The natural resources of this terrain suggest to scholars that the Volvons may have migrated up and down the drainages throughout the season, building a series of temporary villages. Their proximity to the pass between the Livermore Valley and the San Joaquin Valley may have provided them a strategic trading location. 

 

Native life changed radically with the coming of the Spanish missions to the Bay Area. The mission at San Francisco was formed in 1775 and the mission in the San José area was founded in 1797. Between 1804 and 1806 a third of the Volvon people went to Mission San Francisco and Mission San José.
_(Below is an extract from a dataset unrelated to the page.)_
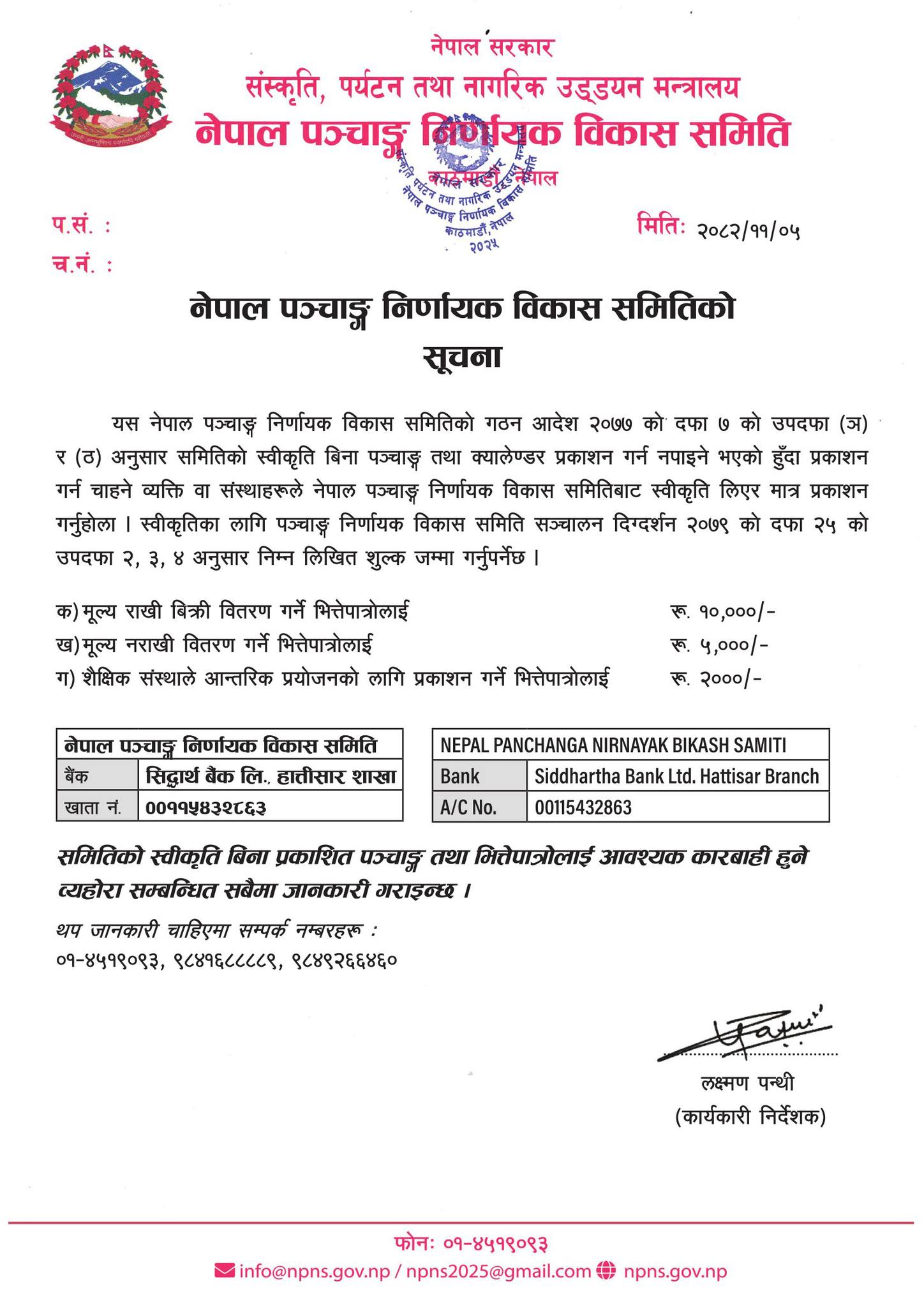 नेपाल पञ्चाङ्ग निर्णायक विकास समितिको स्वीकृत नलिई भित्तेपात्रे छापेमा १ लाख रुपैयाँसम्म जरिवाना हुने भएको छ ।
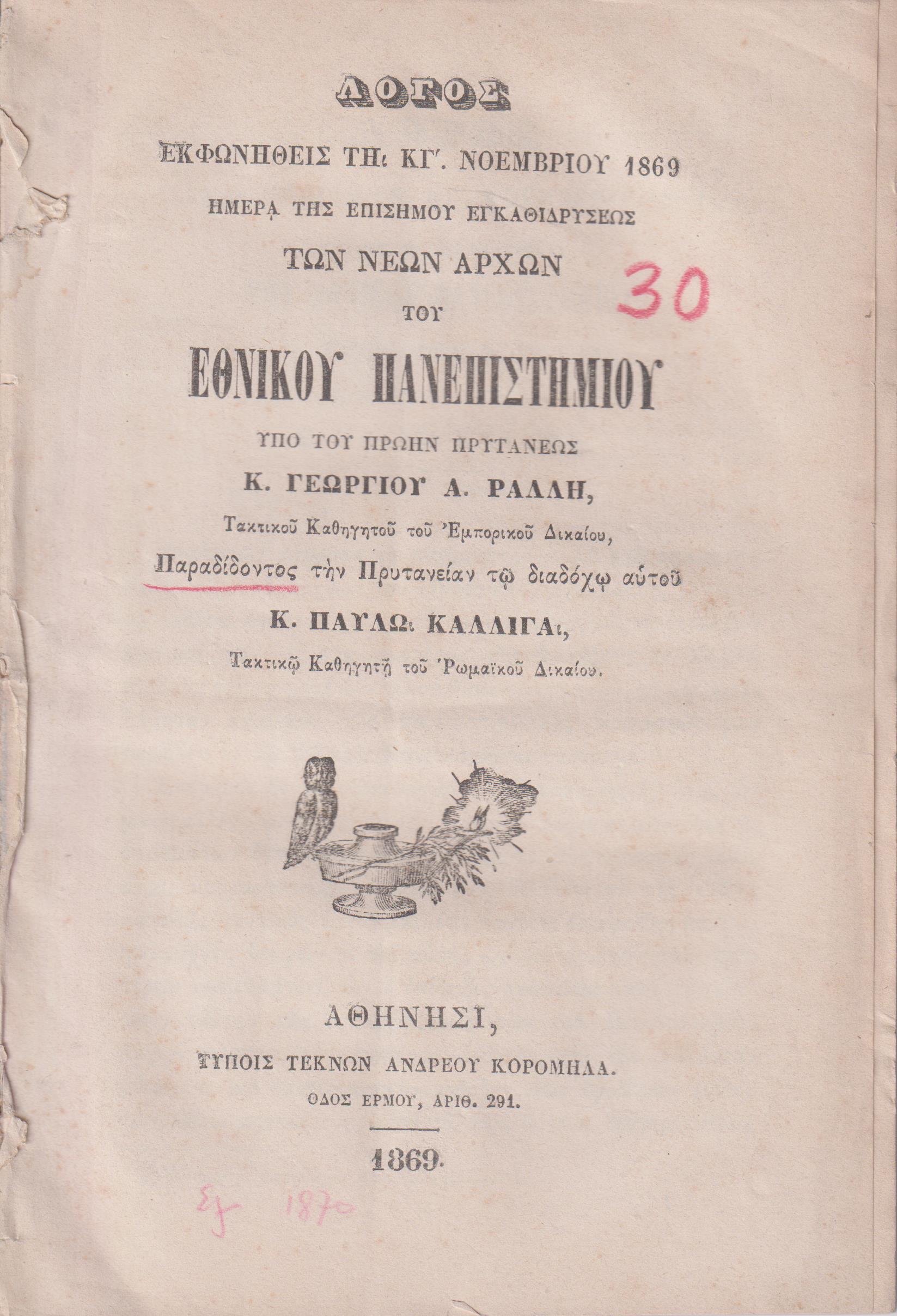 ΡΑΛΛΗΣ ΓΕΩΡΓΙΟΣ Α., Λόγος εκφωνηθείς τη ΚΓ΄ ΝΟΕΜΒΡΙΟΥ 1869 ημέρα της επισήμου εγκαθιδρύσεως των Νεων Αρχών του Εθνικού Πανεπιστημίου υπό του πρώην Πρυτάνεως Κ. Γ.Α.Ρ. Τακτικού Καθηγητού του Εμπορικού Δικαίου, Παραδίδοντος την Πρυτανείαν τω διαδόχω αυτού Κ. ΠΑΥΛΟΥ ΚΑΛΛΙΓΑ, Τακτικώ Καθηγητή του Ρωμαϊκού Δικαίου. Αθήνησι 1869, 8ο,σελ. 160+2πιν. ( απόδετο, χωρίς εξώφυλλο, ΗΛΙΟΥ-ΠΟΛΕΜΗ αρ.*1869)

Many Volvon escaped the missions and lived elsewhere and carried on their traditions.

 

Tragically, over half the Volvon at Mission San José died just one year later in a measles epidemic. The surviving adults intermarried with other neighboring tribes at the mission. Only 13 Volvon children were born at the mission between 1806 and 1840.  

 

Within two years of his arrival in California, John Marsh had purchased Rancho los Meganos, a substantial Mexican land grant at the base of Mt. Diablo for $500.

 

When Marsh came to live on the rancho in the spring of 1838, he found a village of about 30 native Volvon people there.

 

Marsh Adobe Home

John Marsh’s Volvon neighbors built his four-room adobe near their village. He was still living in the adobe when he met and married Abigail Smith Tuck in 1851.

 

The Volvon labored on Rancho los Meganos, and Marsh provided medical care, food if needed, and some protection from other whites.

 

A letter from Abby Marsh to her parents in 1853 talked about how the Indian women adored and helped care for her baby, Alice, and provided her companionship, and she lamented when they had moved away.